● **Data provided**:
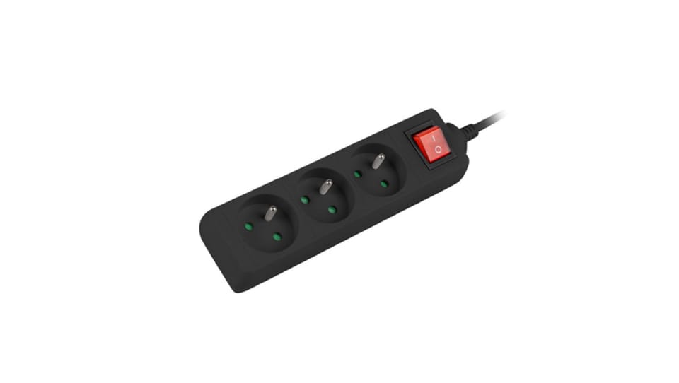 Power strip 1.5m, black, 3 sockets, with switch, cable made of solid copper
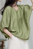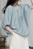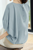 Product details: Solid Color Textured Drop Shoulder Bat Sleeve Shirt,Round Neck,Button Detail at Back
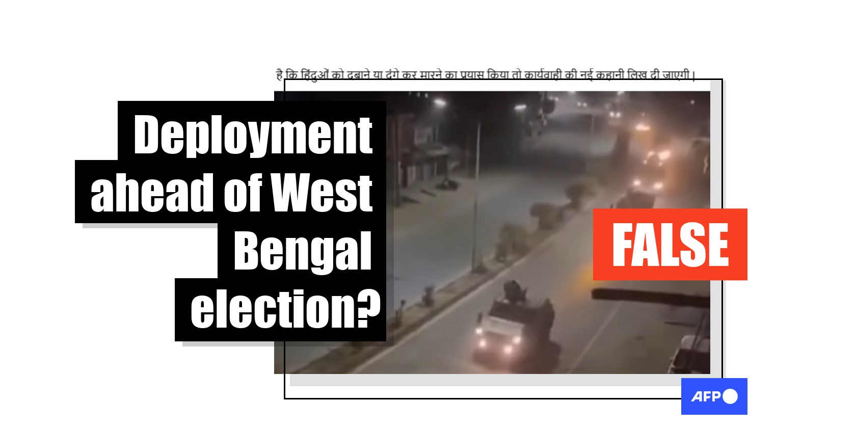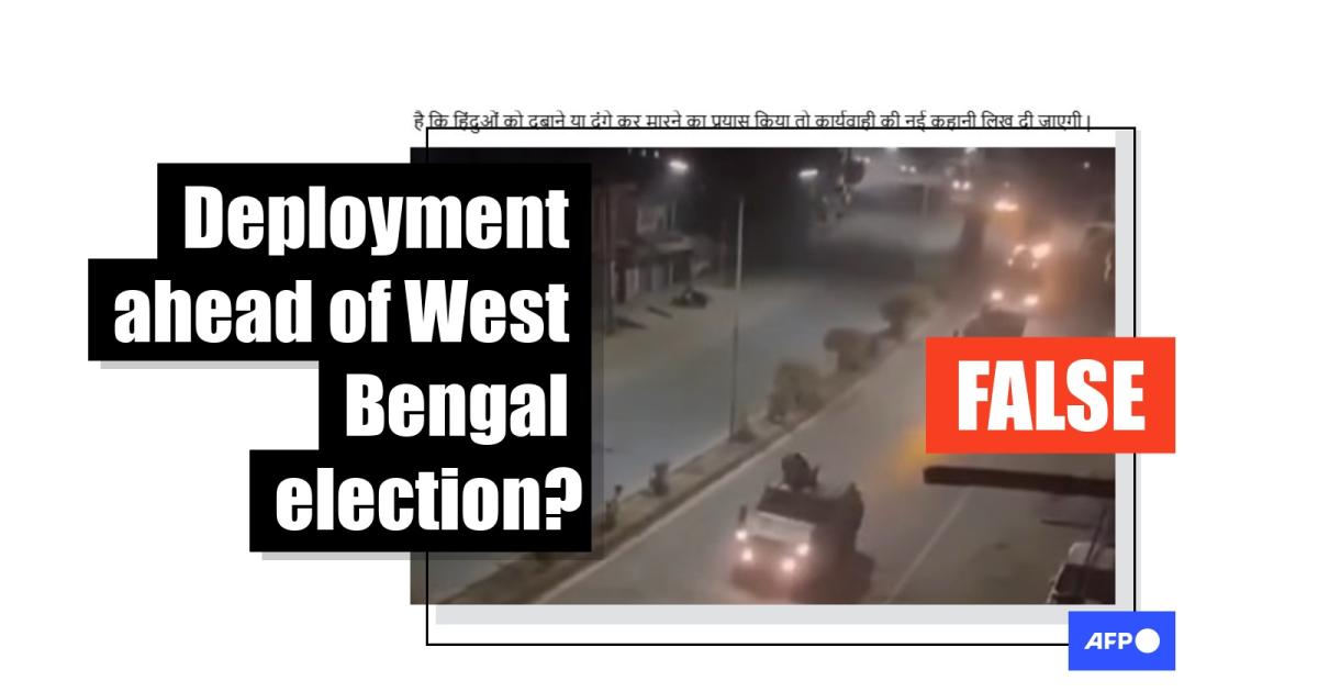 The Indian government has said it will increase security ahead of crucial elections in West Bengal state, where political violence is common, but footage of military trucks on a deserted street circulating in posts is old and from a different state. AFP was able to geolocate the clip to northeastern Manipur state.

● **Try it**: Without the pictures, write out every line above exactly as it appears.

● **Answer for the task**:
 Power strip 1.5m, black, 3 sockets, with switch, cable made of solid copper
 Product details: Solid Color Textured Drop Shoulder Bat Sleeve Shirt,Round Neck,Button Detail at Back
 The Indian government has said it will increase security ahead of crucial elections in West Bengal state, where political violence is common, but footage of military trucks on a deserted street circulating in posts is old and from a different state. AFP was able to geolocate the clip to northeastern Manipur state.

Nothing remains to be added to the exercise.